WORK TO BE COMPLETED: With the line containing "Fonott kutyafekhely tetővel" as the final line, restate exactly every line of the data below from the first one onward, and copy no pictures.
(GIVEN RECORDS begins)
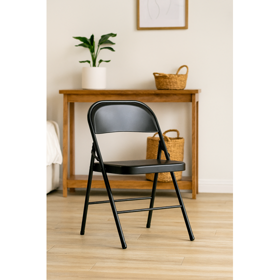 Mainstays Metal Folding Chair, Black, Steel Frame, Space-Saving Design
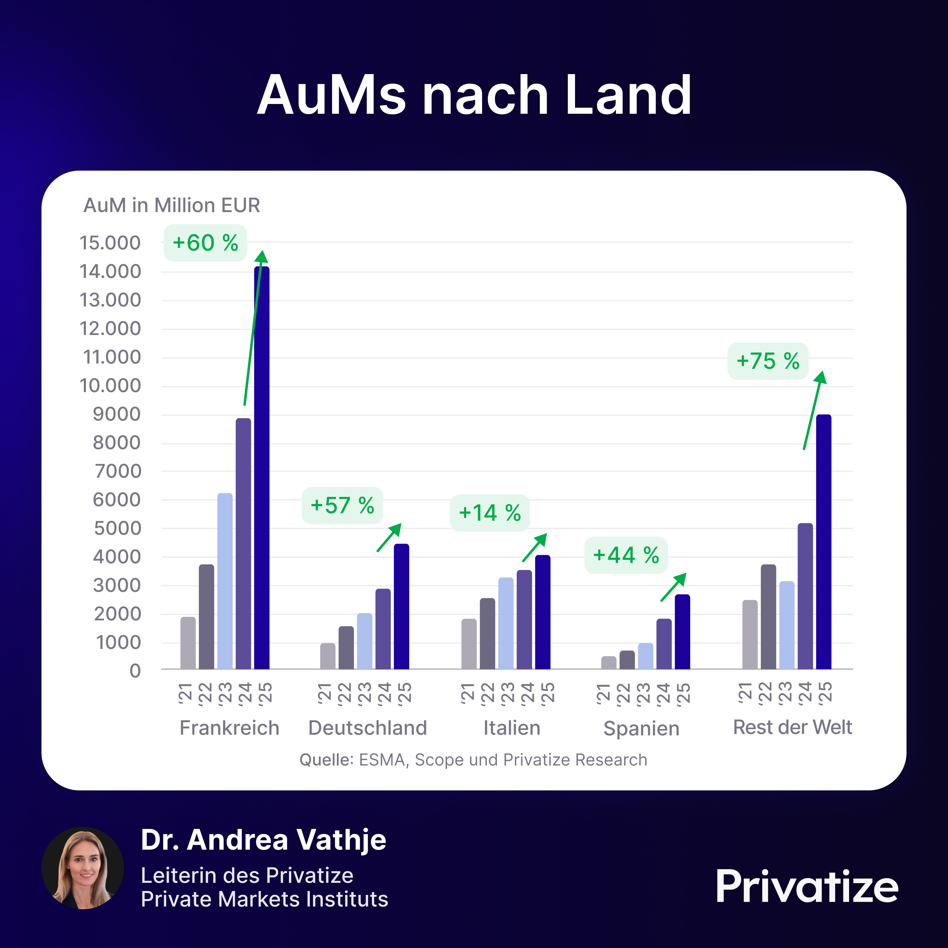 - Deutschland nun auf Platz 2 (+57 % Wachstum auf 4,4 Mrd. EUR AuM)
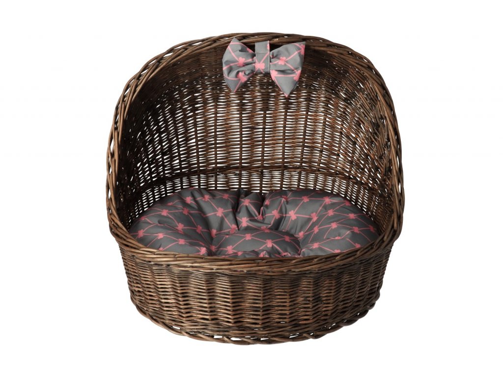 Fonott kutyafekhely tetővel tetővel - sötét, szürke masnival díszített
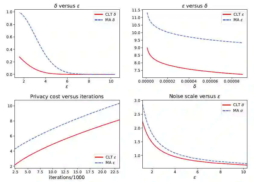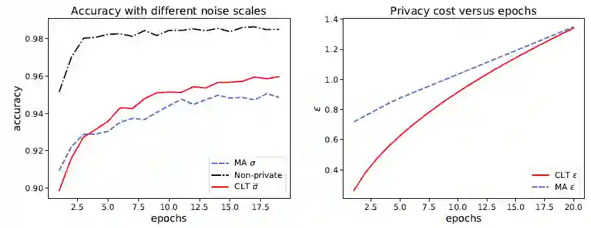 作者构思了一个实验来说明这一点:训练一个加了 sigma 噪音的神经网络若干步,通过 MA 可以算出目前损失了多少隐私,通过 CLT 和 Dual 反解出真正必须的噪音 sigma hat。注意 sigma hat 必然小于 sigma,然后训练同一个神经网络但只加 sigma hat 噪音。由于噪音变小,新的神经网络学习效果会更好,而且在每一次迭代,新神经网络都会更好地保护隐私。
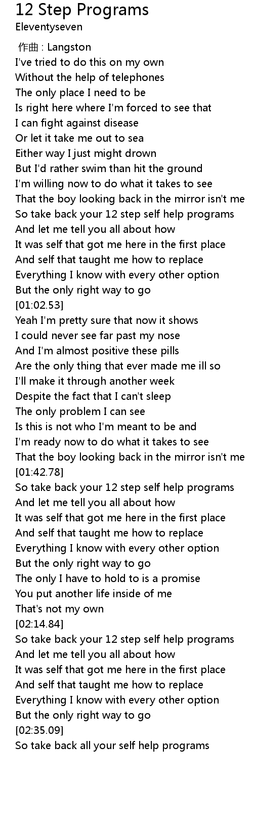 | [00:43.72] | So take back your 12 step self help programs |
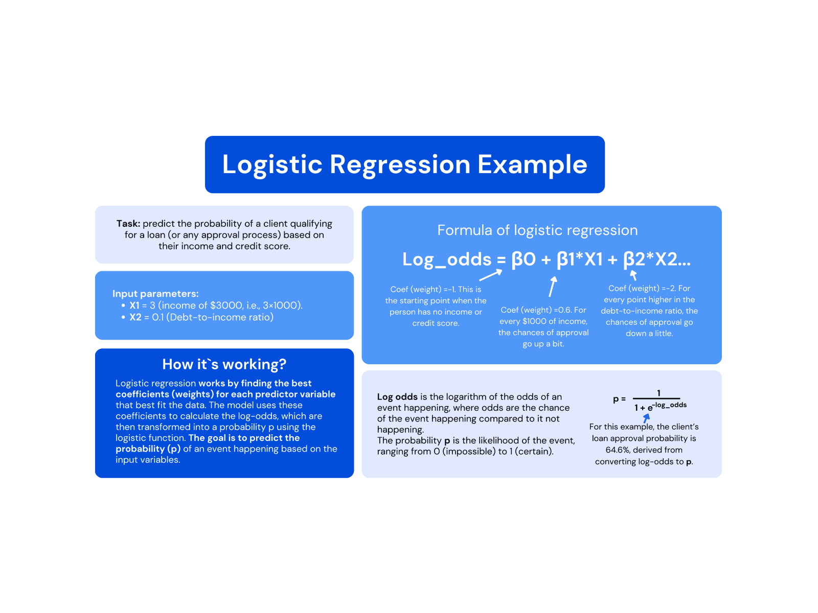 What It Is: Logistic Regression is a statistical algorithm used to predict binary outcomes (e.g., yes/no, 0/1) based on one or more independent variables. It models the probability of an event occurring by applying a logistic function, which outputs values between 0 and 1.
(GIVEN RECORDS ends)
TASK ANSWER:
 Mainstays Metal Folding Chair, Black, Steel Frame, Space-Saving Design
 - Deutschland nun auf Platz 2 (+57 % Wachstum auf 4,4 Mrd. EUR AuM)
 Fonott kutyafekhely tetővel tetővel - sötét, szürke masnival díszített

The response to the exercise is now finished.